• **Problem statement**
Drop every picture, then transcribe the remaining data exactly.

• **Source material**
####################

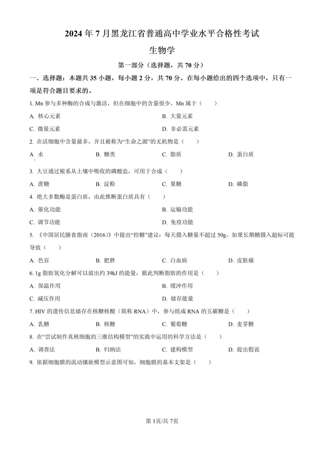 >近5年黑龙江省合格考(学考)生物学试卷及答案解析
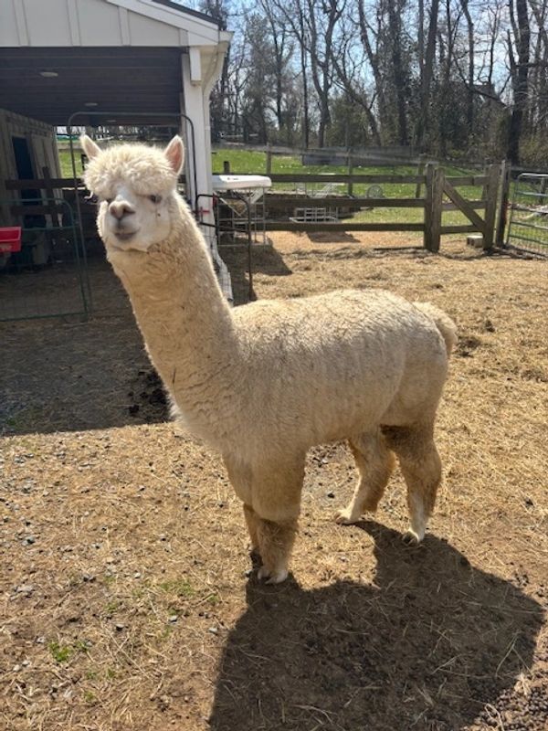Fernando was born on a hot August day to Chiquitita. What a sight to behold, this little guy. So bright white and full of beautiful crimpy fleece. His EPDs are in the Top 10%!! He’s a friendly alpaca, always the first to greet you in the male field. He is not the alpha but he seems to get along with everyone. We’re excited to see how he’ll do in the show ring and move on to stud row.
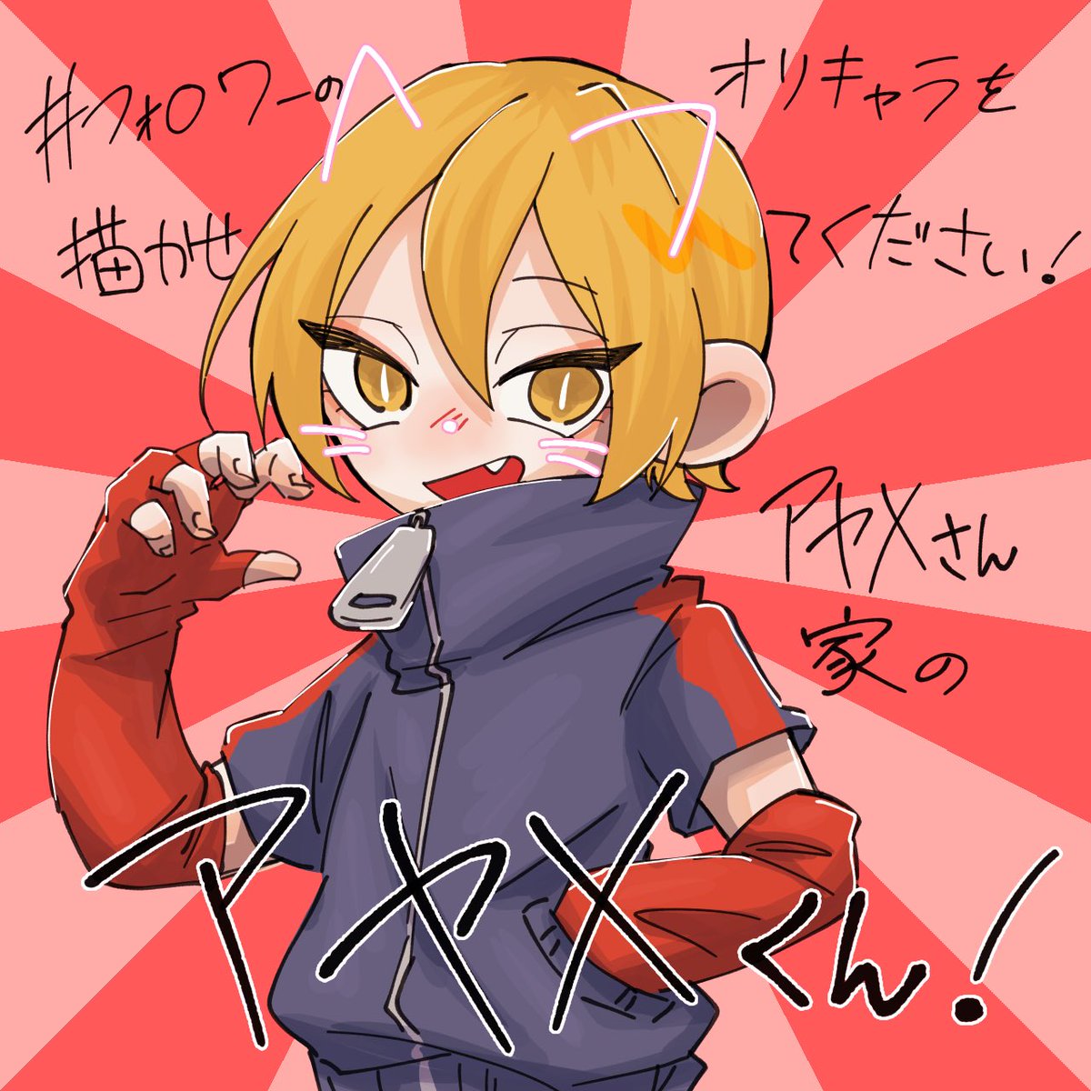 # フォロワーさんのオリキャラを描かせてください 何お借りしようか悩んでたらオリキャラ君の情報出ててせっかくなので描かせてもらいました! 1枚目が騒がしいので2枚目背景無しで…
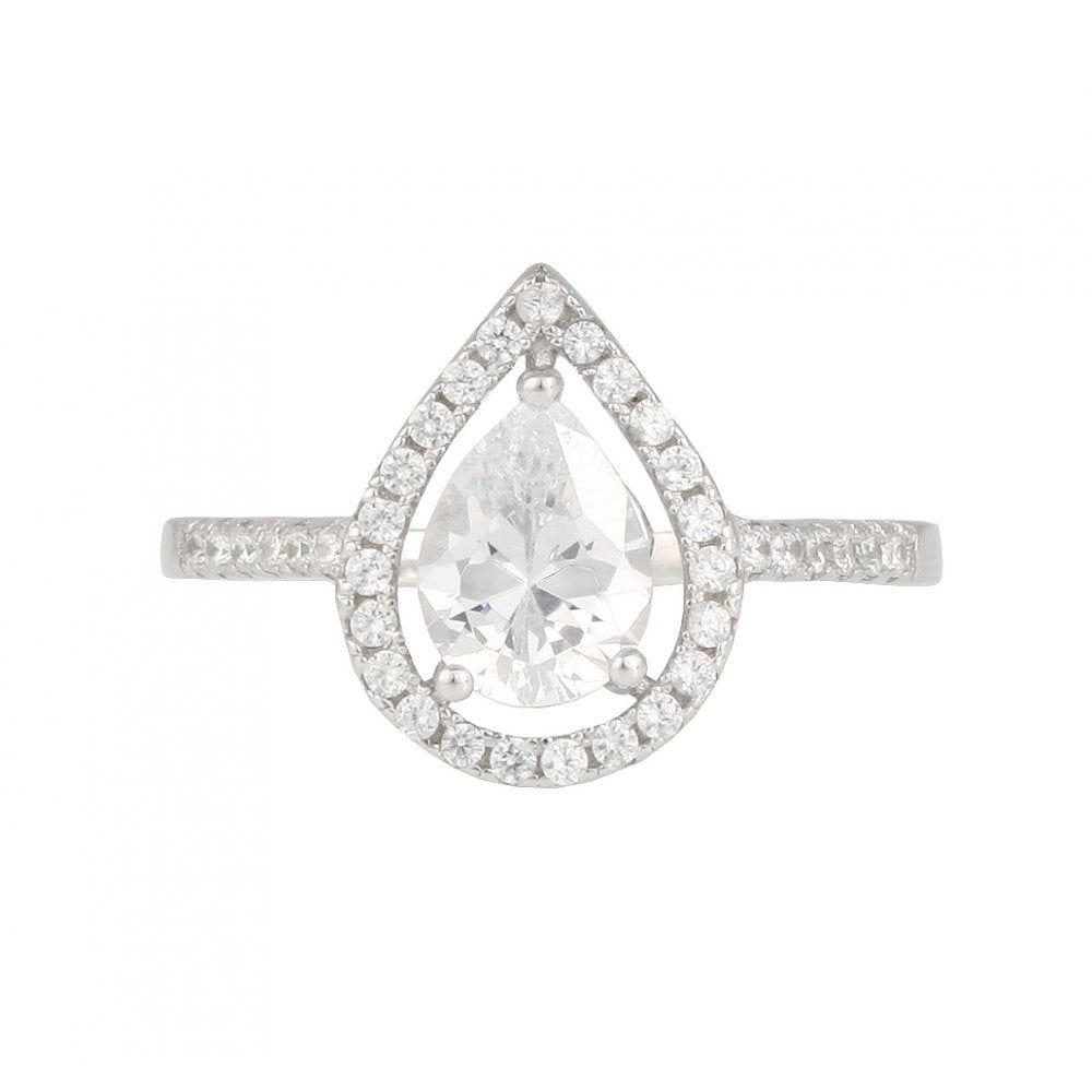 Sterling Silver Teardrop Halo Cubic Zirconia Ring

####################

• **Your response**
 >近5年黑龙江省合格考(学考)生物学试卷及答案解析
Fernando was born on a hot August day to Chiquitita. What a sight to behold, this little guy. So bright white and full of beautiful crimpy fleece. His EPDs are in the Top 10%!! He’s a friendly alpaca, always the first to greet you in the male field. He is not the alpha but he seems to get along with everyone. We’re excited to see how he’ll do in the show ring and move on to stud row.
 # フォロワーさんのオリキャラを描かせてください 何お借りしようか悩んでたらオリキャラ君の情報出ててせっかくなので描かせてもらいました! 1枚目が騒がしいので2枚目背景無しで…
 Sterling Silver Teardrop Halo Cubic Zirconia Ring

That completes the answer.